Did you know it's called Magma when it's underground, but Lava when it's above ground?

The closer the magma gets to the surface, the more ground water is boiled into water vapor. If the vents are open, there might be a constant stream of steam that escapes the vent. This stage usually lasts the longest. Water vapor below ground build pressure. If the vent is open enough, it could release this pressure enough to prevent an eruption from happening for years!

But, if the vent isn't open enough, then the pressure with build and build. This is like shaking a closed soda bottle. Eventually the volcano will blow apart in a violent release of pressure. The first part of this kind of volcanic eruption is made up of rock and super heated gas, the rock and dust is usually what remained of the part of the volcano above the blocked vent. (look at videos of Mt St Helen's erupting, where 1/3 of the volcano was blown away!) this bstage of the eruption is called the Pyroclastic Flow - believe it or not, this type of eruption is more deadly than any other stage. Because it is so explosive, it can happen with little to no warning. And the super heated gases and rocks can be thousands of degrees in temp and travel hundreds of miles an hour! This doesn't give people much time to get out of the way. The next stage of the explosion is the ash cloud. When the volcano violently erupts, the stuff too heavy to fly flows down the side of the volcano in the Pyroclastic flow, but dust and ash is very light, most often it is made up of pumice which is very light, and this ash can be blown miles into the atmosphere, but eventually it will come back to earth. Feet upon feet of ash can fall for days, eve, weeks, after the initial eruption.

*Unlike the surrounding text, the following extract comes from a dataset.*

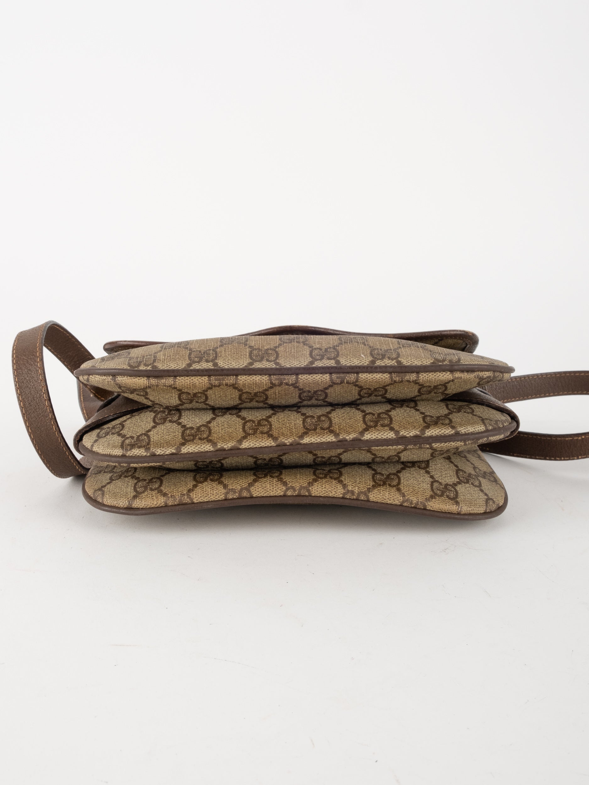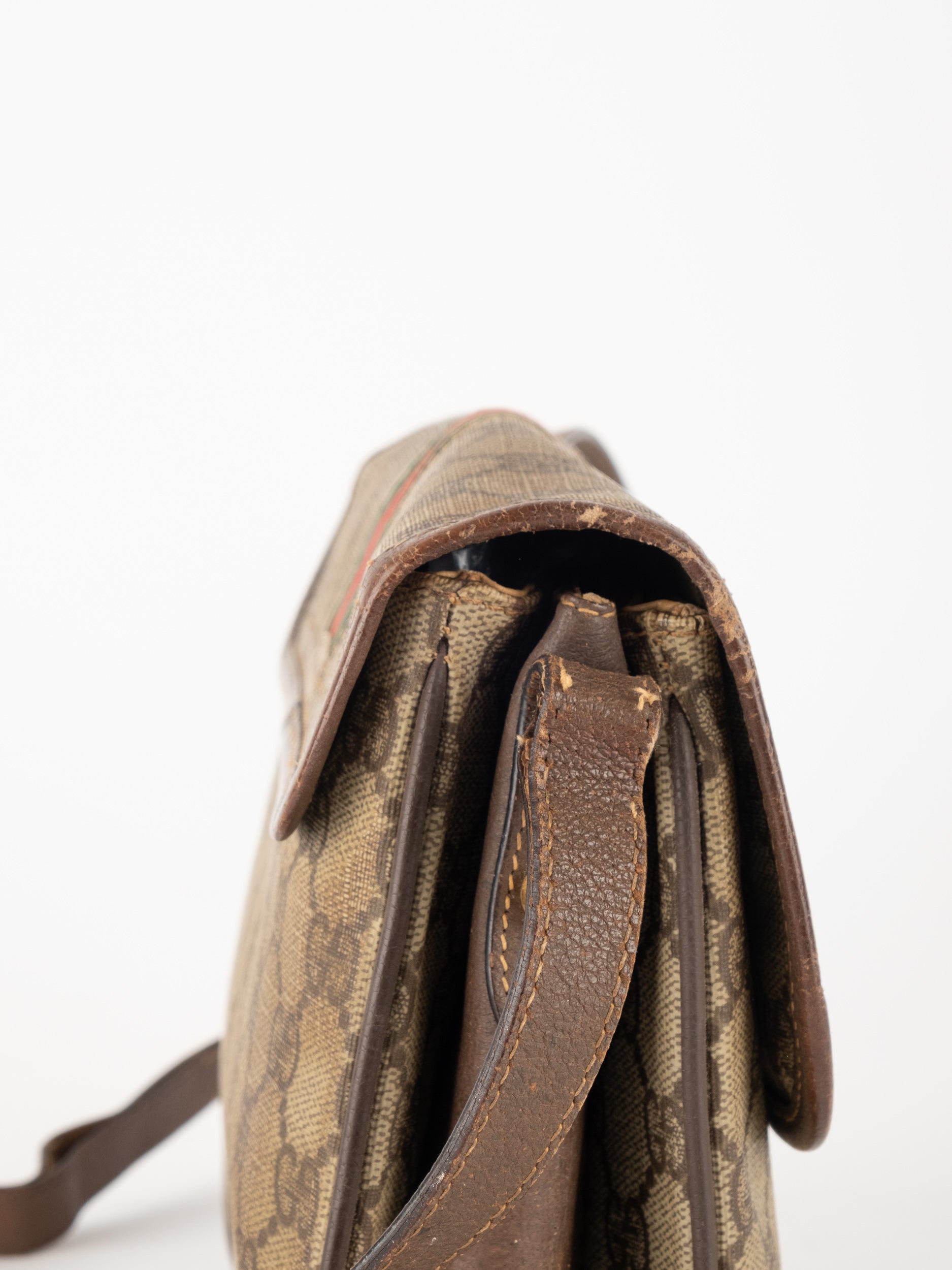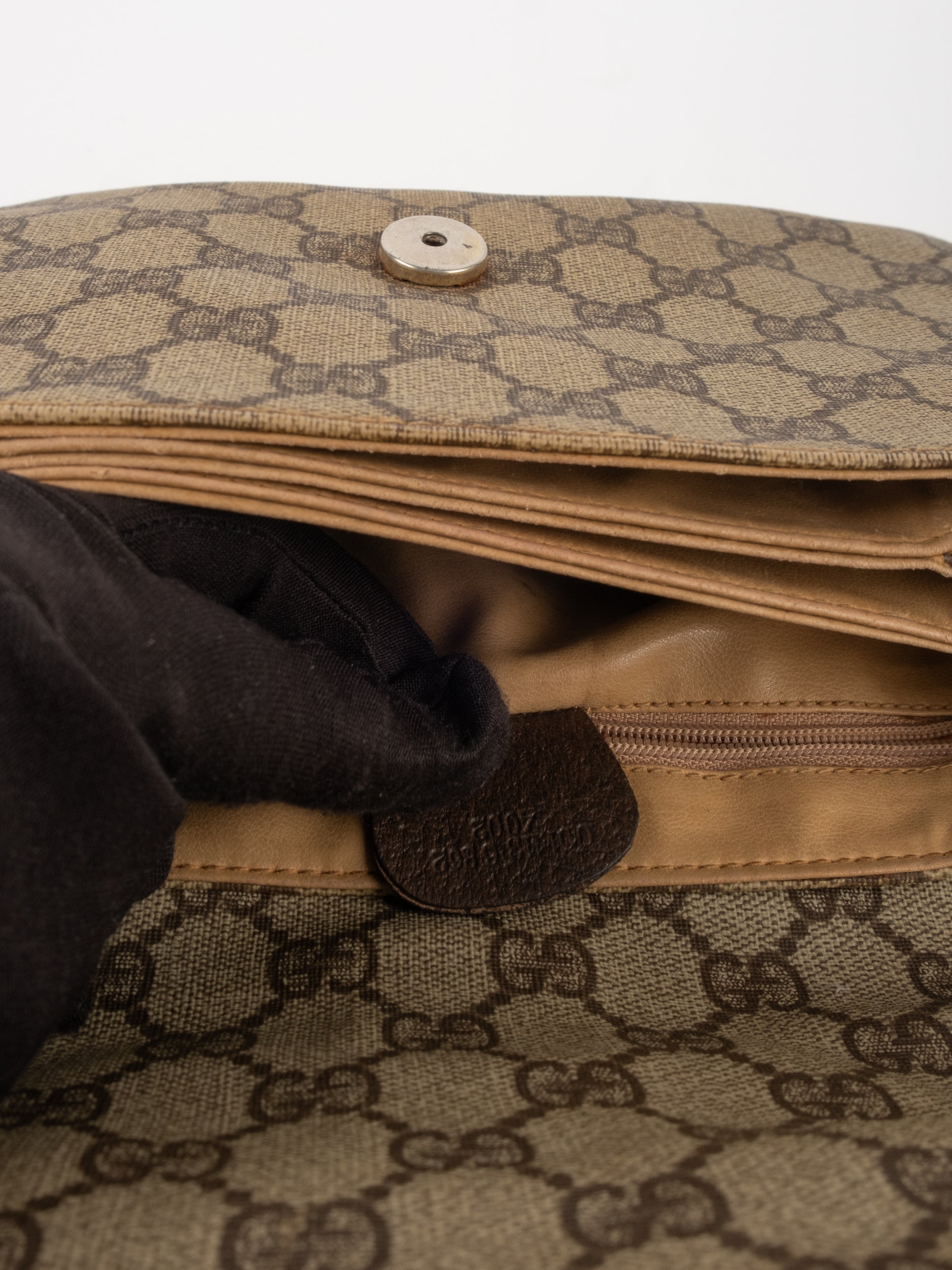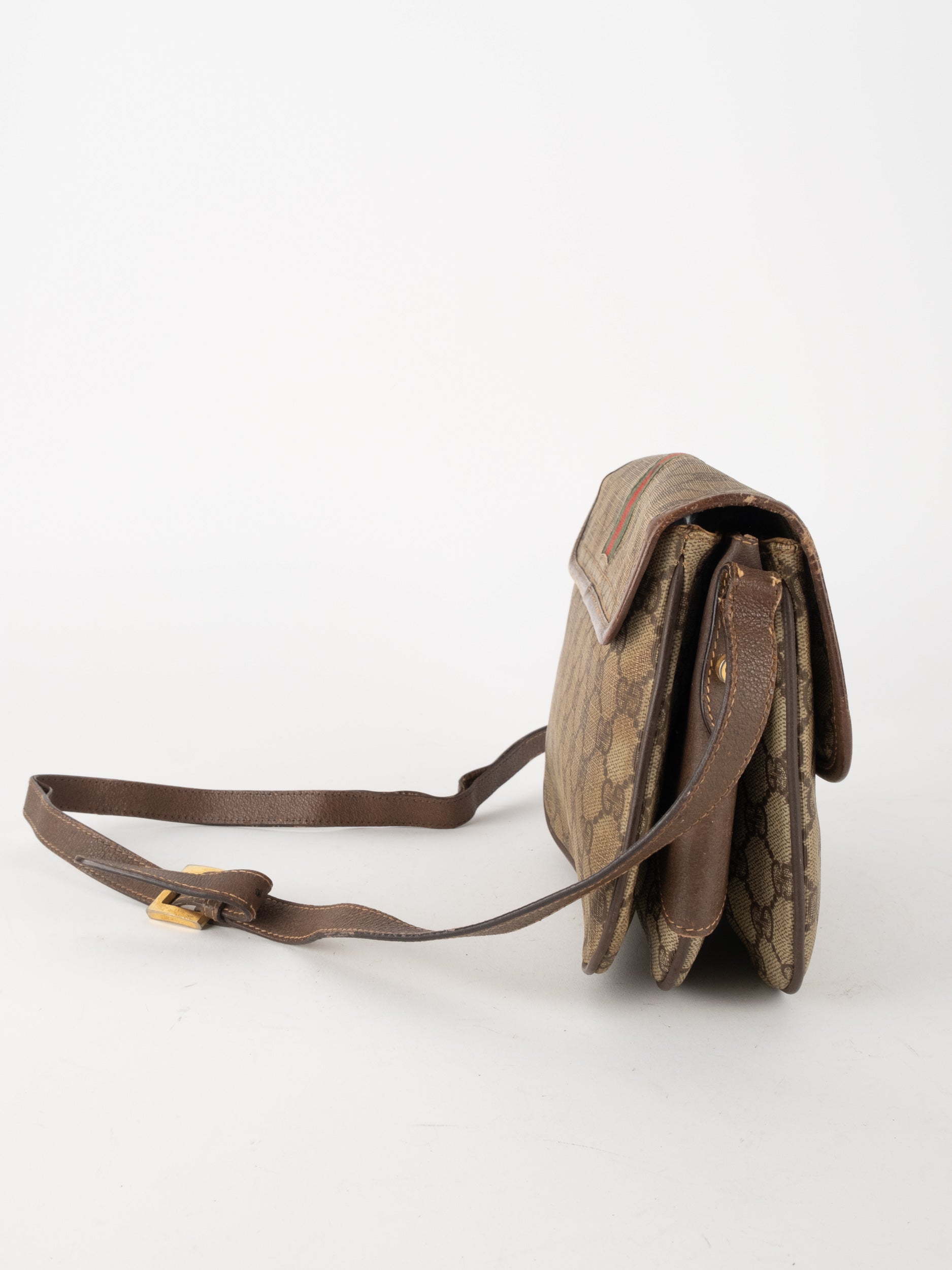 תיק צד של גוצ'י וינטג' יד שנייה בדוגמת GG Supreme בגווני בז' וחום, עם פס ירוק־אדום אייקוני במרכז ועיטורי עור חומים. דגם קלאסי שמחבר בין מורשת איטלקית מובהקת לאמירה אופנתית ברורה. הצללית הקומפקטית והסגירה הקדמית יוצרים מראה נשי, מדויק ולא מתאמץ. זהו תיק שמעניק תחושת סטייל בטוח ומעודן, כזה שמוסיף עניין לכל לוק יומיומי ומשדר הבנה אמיתית באופנה.

If this initial explosion destroys enough of the volcano the magma can leak out. In the final stage of an eruption. This stage isn't very often. Most often the pressure is released in the early stages. But if the magma chamber is high enough, or if enough of the vent is blown open, then the magma will spill outward, flowing downhill, much like water. As soon as this super heated rock touches surface air it immediately cools back into solid rock. Eventually this rock will again plug the hole in the end of the vent, and the process begins all over again.

To Make a More Permanent Volvano:

Supplies:
1 Empty Toilet Paper Roll
10 lengths of string about 18-24 inches in length each
1 large paper plate
Plaster of Paris
2-4 Roll of Gause
Warm Water
Tape
Paints
1 mini plastic bowl (I used a washed out cup from the cinnamon rolls, the one the frosting comes in) < br/> Spray Sealant (optional)

Process:

1. Cut 4 small slits on the bottom of the tp roll, very small ones, then bend the pieces out until you have 4 'feet'
2. Tape these feet to the middle of your paper plate
3. Cut about 12 evenly spaced tiny cuts along the top edge of the tp roll.
4. Tape one end of one piece of string to the bottom edge of the plate, wrap the middle of the string between 2 slits on the top of the roll, then tape the other end under the edge of the plate. Try to make the string go to a slight diagonal.
5.  Repeat step 4 until you have a nice structure for a Strato-volcano. (you'll use all if not most of your string.
6. Cut a roll of Gause into roughly 8 inch strips.
7. Mix some of your plaster with water. I do this in small sections because plaster dries crazy fast, and you need to move fairly quickly.
8. Dip a section of Gause into the plaster and lay it over your structure, making sure not to seal off the top hole, until the whole thing (even bottom edge) is covered in a nice thick layer.
9.  Allow it to dry completely. You can do a couple of layers until you have a solid volcano
10.  Allow it to dry, then paint as desired
11. You can chose to seal it with a spray sealer if you think the kids will want to cause repeated eruptions (sealer will prevent the sides from getting sticky once the 'lava' starts flowing).
12. Fit tiny cup into the top of your volcano, this is where you'll put your chemical mixture.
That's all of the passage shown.